Q3 = df1['Income'].quantile(0.75)

IQR = Q3 - Q1

# outliers detection
# ( lower_val > outlier < higger_val)

lower_val = Q1 - (1.5 * IQR)

higger_val =  Q3 + (1.5 * IQR)


outlier_iqr = df1[
    (df1['Income']< lower_val) | (df1['Income'] > higger_val)
    ]

print("IQR: ", IQR)

print("Outlier: ", outlier_iqr)

IQR:  58.0
Outlier:  Empty DataFrame
Columns: [Income]
Index: []


### 4. Z-Score

- Definition:
    - The Z-score (or Standard Score) tells how far a data point is from the mean in terms of standard deviations.

- Math formula:
    - z = (X−μ​)/σ
    - where
        - z => z-score
        - X => each data values
        - μ = mean
        - σ = standard deviation

- Code Formula:
    - Z-score = (data - mean)/std


- Interpretation:
    - z = 0 (values equals the mean)
    - z = 1 (1 Std is above the mean)
    - z = -1 (-1 std is below the mean)

- Use in ML:
    - used in feature scaling(Standardization)
    - outlier Detection
        - condition [Not outliers]: -3 < Z-score > +3 
        -  condition [outliers]: abs(Z) > 3


In [6]:
# Example of z-score
df1

Unnamed: 0,Income
0,22
1,25
2,27
3,29
4,35
5,40
6,42
7,100
8,110
9,115


In [16]:
# z-score = (data - mean)/std

# mean
mean_val = df1['Income'].mean()

std_val = df1['Income'].std()

Z_scores = (df1["Income"] - mean_val)/std_val

print(Z_scores)



0   -0.858756
1   -0.779486
2   -0.726640
3   -0.673793
4   -0.515254
5   -0.383137
6   -0.330291
7    1.202258
8    1.466491
9    1.598607
Name: Income, dtype: float64


In [17]:
# Another way
z_score = (df1 - df1.mean()) / df1.std()

z_score

Unnamed: 0,Income
0,-0.858756
1,-0.779486
2,-0.72664
3,-0.673793
4,-0.515254
5,-0.383137
6,-0.330291
7,1.202258
8,1.466491
9,1.598607


In [None]:
# To Detection the outliers using z-score
df1['Z-score'] = (df1 - df1.mean()) / df1.std()

df1

# add an column name Z-score

Unnamed: 0,Income,Z-score
0,22,-0.858756
1,25,-0.779486
2,27,-0.72664
3,29,-0.673793
4,35,-0.515254
5,40,-0.383137
6,42,-0.330291
7,100,1.202258
8,110,1.466491
9,115,1.598607


In [None]:
# Detection outliers condition: abs(z-score) > 3

outliers = df1[np.abs(df1['Z-score'] > 3)]

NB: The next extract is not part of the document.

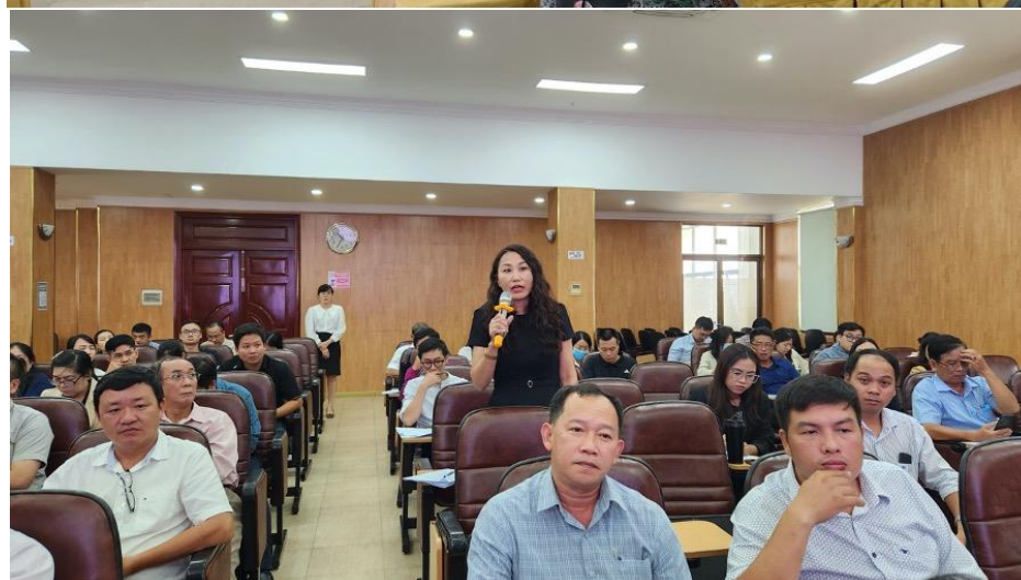
Các đại biểu tham dự Hội thảo.

print("Outliers: ",outliers)

# here no outliers
# Hence the given data has outliers(100, 110, 115)

Outliers:  Empty DataFrame
Columns: [Income, Z-score]
Index: []


### use modified z-score method (Roubust) to detect outliers

- formula : 
- modifiedZ = 0.6745 x (xi - median)/MAD

- where

    - MAD(Median Absolute Deviation)
        - formula: MAD = median(abs(xi - median(X)))
        
        - where, xi = each individual data point
        - X => The entire Dataset
    

- Intuitive Meaning:
    - modified Z = 0 => Value equal the median
    - positive modified Z => value is above the median.
    - negative modified Z => value is below the median.

    - outliers condition:
        - abs(Modified Z) > 3.5


- Why This Is Powerful?
 - Regular Z-score uses mean and standard deviation, which get affected by extreme values.

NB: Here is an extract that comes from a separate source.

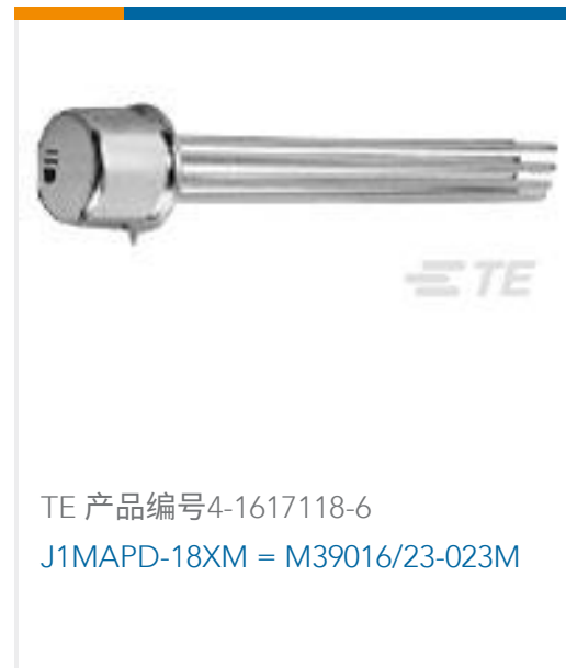
TE 产品编号4-1617118-6 J1MAPD-18XM = M39016/23-023M

- Modified Z-score uses median and MAD, which stay stable even if there are extreme outliers.

In [None]:
# Detect the outlier using modified Z-score outliers

df1

Unnamed: 0,Income,Z-score
0,22,-0.858756
1,25,-0.779486
2,27,-0.72664
3,29,-0.673793
4,35,-0.515254
5,40,-0.383137
6,42,-0.330291
7,100,1.202258
8,110,1.466491
9,115,1.598607


In [None]:
# apply Modified z-score
# formula: modifiedZ = 0.6745 x (xi - median)/MAD
# MAD = median(abs(xi - median(X)))

# entire dataset median(X)
median = df1['Income'].median()

# MAD
mad = np.median(np.abs(df1['Income'] - median))

# modified z-score

df1['mod_z'] = 0.6745 * (df1['Income'] - median)/mad

# Outliers detection

outliers_mz = df1[np.abs(df1['mod_z']) > 3.5]

df1

Unnamed: 0,Income,Z-score,mod_z
0,22,-0.858756,-0.909109
1,25,-0.779486,-0.733152
2,27,-0.72664,-0.615848
3,29,-0.673793,-0.498543
4,35,-0.515254,-0.14663
5,40,-0.383137,0.14663
6,42,-0.330291,0.263935
7,100,1.202258,3.665761
8,110,1.466491,4.252283
9,115,1.598607,4.545543


In [33]:
print("Outliers: ", outliers_mz)

Outliers:     Income   Z-score     mod_z
7     100  1.202258  3.665761
8     110  1.466491  4.252283
9     115  1.598607  4.545543


### Conclusion:
- 
    - Percentiles and quartiles help to describe the data spread.

    - IQR shows the range of central data and helps detect outliers.

    - Z-score standardizes data and helps identify extreme values.

- These Tools are fundamental for data Preprocessing, feature scalling, and roubust ml model performance.